79. A recombinant cell comprising a recombinant nucleic acid according to any one of claims 75-78.

80. The recombinant cell of claim 79, wherein the recombinant cell is a prokaryotic cell or a eukaryotic cell.

81. A composition comprising a pharmaceutically acceptable excipient and one or more of the following:

a) a recombinant antibody or the functional fragment thereof of claim 75;

b) a recombinant nucleic acid according to any one of claims 76 to 78; or

c) a recombinant cell according to claim 79 or 80.

82. A composition comprising one or more of the following:

a) one or more barcoded immune-cell marker antibodies and/or barcoded tumor-cell marker antibodies;

b) one or more barcoded therapeutic antibodies; or

c) the recombinant antibody identified in claim 75 as having specificity for the second tumor sample, wherein the recombinant antibody is barcoded.
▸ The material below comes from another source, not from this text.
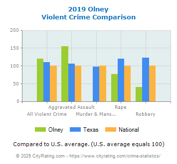 average by 19.37% and the city property crime rate in Olney was lower than the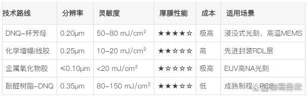 在成熟制程(0.35μm以上)、厚胶应用(MEMS/封装)领域,DNQ凭借成本与可靠性优势仍将主导市场。

83. A kit comprising one or more of the following:

a) the recombinant antibody or the functional fragment thereof of claim 75;

b) a recombinant nucleic acid according to any one of claims 76 to 78; or

c) a recombinant cell according to claim 79 or 80; or

instructions for use thereof.

84. A method for characterizing antibody specificity or target specificity, the method comprising:

a) providing a first tumor tissue sample;

b) determining all or a part of one or more nucleic acid sequences encoding one or more antibodies produced by B cells in the tumor tissue sample;

c) using the determined nucleic acid sequences to produce one or more recombinant antibodies;

d) coupling the one or more recombinant antibodies to a reporter oligonucleotide comprising a reporter barcode sequence to generate one or more barcoded recombinant antibodies;

e) contacting the one or more barcoded recombinant antibodies with a second tumor sample, and identifying the one or more recombinant antibodies as having specificity for the tumor sample if the one or more barcoded recombinant antibodies is capable of binding to an antigen associated with the second tumor sample, optionally wherein the second tumor sample is a tissue sample; and

f) analyzing RNA expression and protein marker expression for the first tumor tissue samples and/or second tumor sample to determine the one or more recombinant antibody's specificity and target specificity.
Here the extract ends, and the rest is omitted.